>>>>
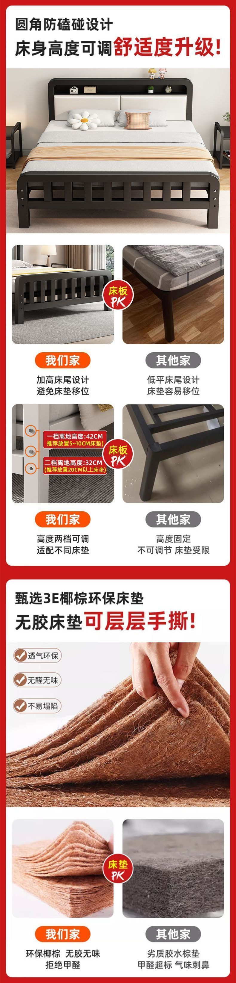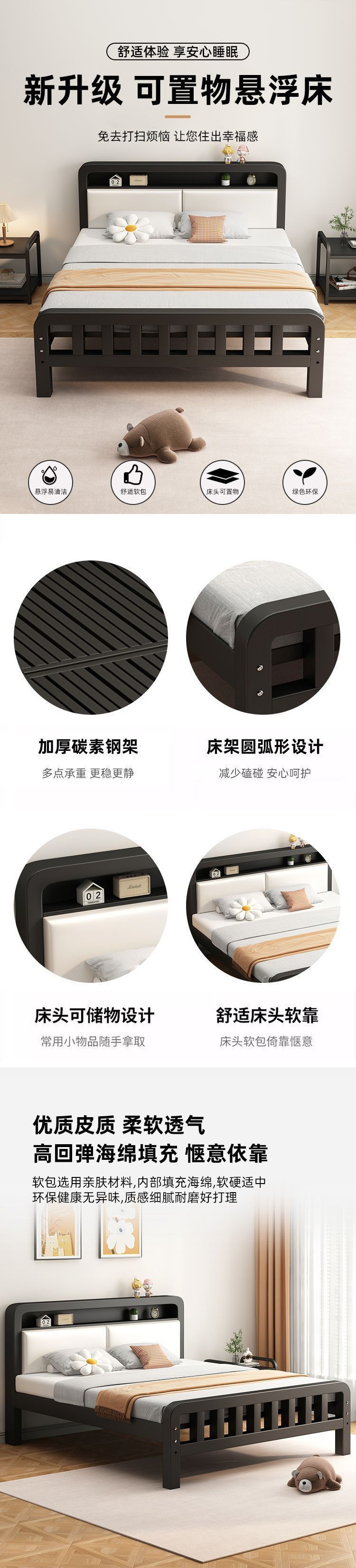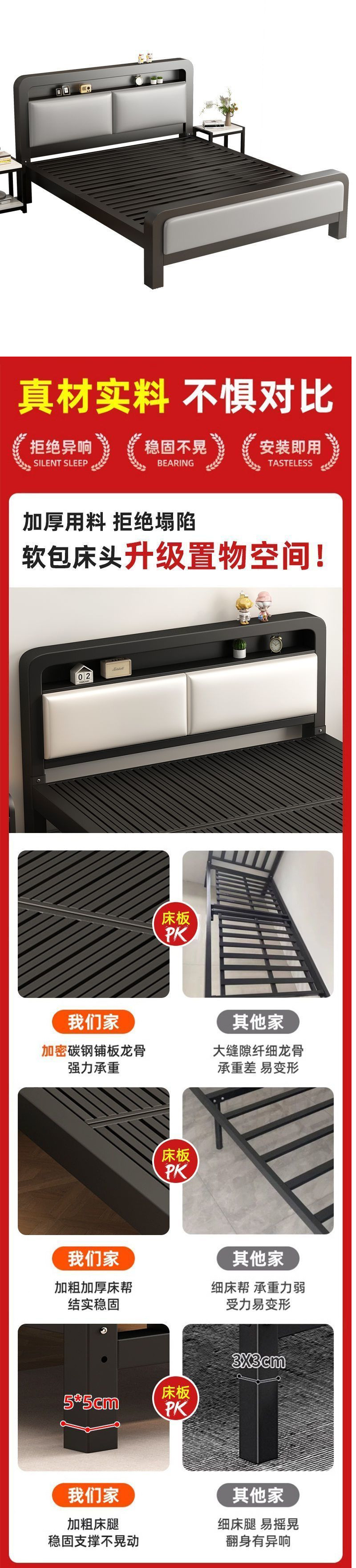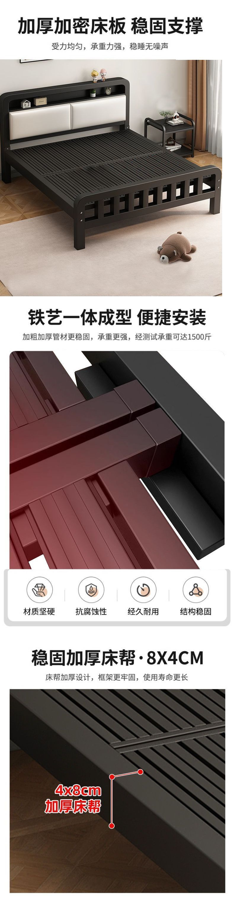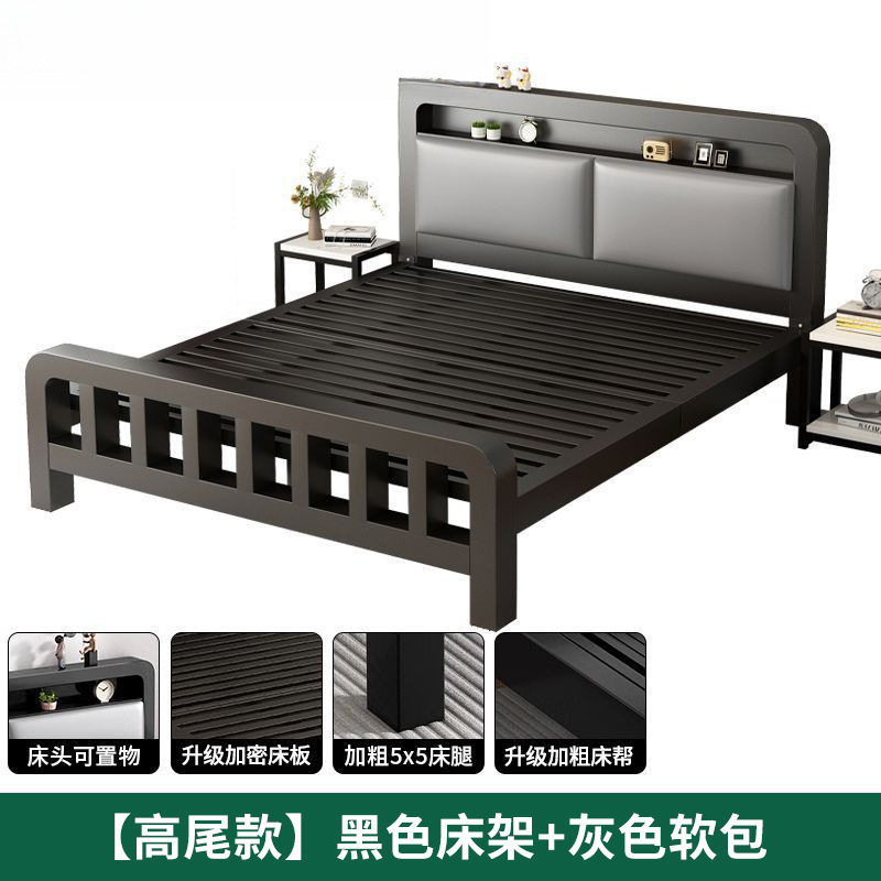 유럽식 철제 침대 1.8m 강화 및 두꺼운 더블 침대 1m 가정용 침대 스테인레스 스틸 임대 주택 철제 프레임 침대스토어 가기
<<<<
>>>>
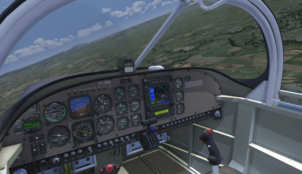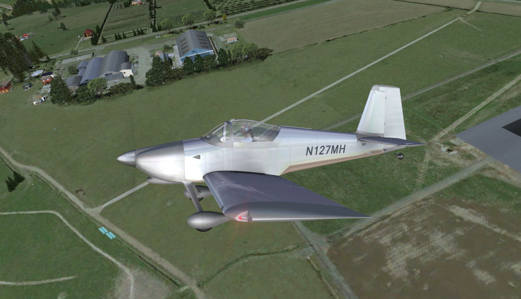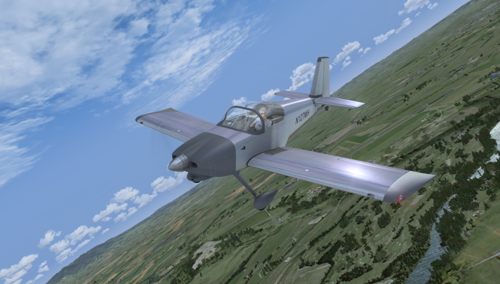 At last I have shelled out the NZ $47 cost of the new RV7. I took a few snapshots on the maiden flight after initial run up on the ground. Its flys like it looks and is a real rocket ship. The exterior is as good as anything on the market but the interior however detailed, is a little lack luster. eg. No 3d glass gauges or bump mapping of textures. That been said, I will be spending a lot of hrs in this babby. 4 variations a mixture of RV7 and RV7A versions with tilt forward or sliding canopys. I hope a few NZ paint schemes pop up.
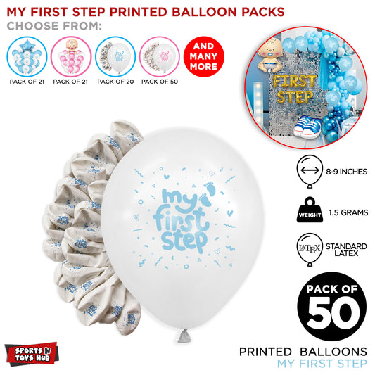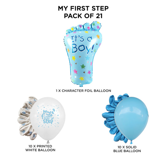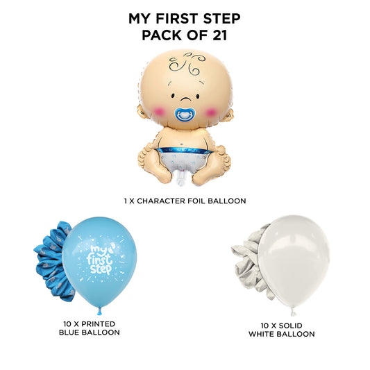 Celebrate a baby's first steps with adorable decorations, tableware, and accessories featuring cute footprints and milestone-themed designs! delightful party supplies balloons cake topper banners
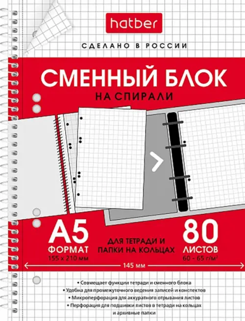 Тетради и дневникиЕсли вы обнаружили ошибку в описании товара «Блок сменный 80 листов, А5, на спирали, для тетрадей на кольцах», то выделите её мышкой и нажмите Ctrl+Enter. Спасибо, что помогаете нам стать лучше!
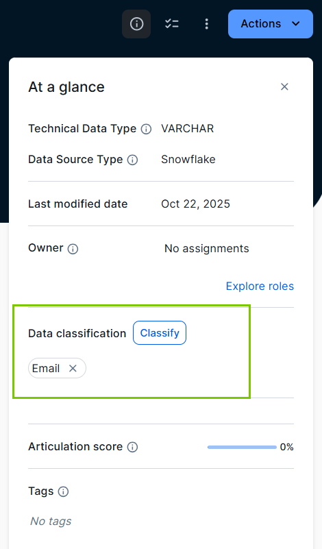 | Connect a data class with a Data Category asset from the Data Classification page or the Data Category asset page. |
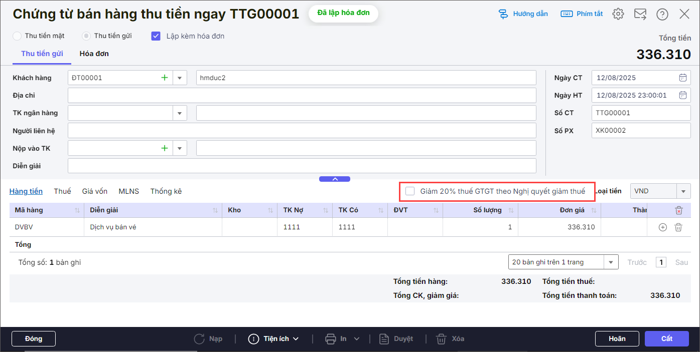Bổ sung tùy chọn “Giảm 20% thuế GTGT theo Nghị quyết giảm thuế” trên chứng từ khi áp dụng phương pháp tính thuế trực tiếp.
<<<<
# Task statement
From the records above, quote word for word only the lines beginning at the line that has "Celebrate a baby's" and stopping after the line that has "Bổ sung tùy". Omit the pictures.

# Reply
 Celebrate a baby's first steps with adorable decorations, tableware, and accessories featuring cute footprints and milestone-themed designs! delightful party supplies balloons cake topper banners
 Тетради и дневникиЕсли вы обнаружили ошибку в описании товара «Блок сменный 80 листов, А5, на спирали, для тетрадей на кольцах», то выделите её мышкой и нажмите Ctrl+Enter. Спасибо, что помогаете нам стать лучше!
 | Connect a data class with a Data Category asset from the Data Classification page or the Data Category asset page. |
Bổ sung tùy chọn “Giảm 20% thuế GTGT theo Nghị quyết giảm thuế” trên chứng từ khi áp dụng phương pháp tính thuế trực tiếp.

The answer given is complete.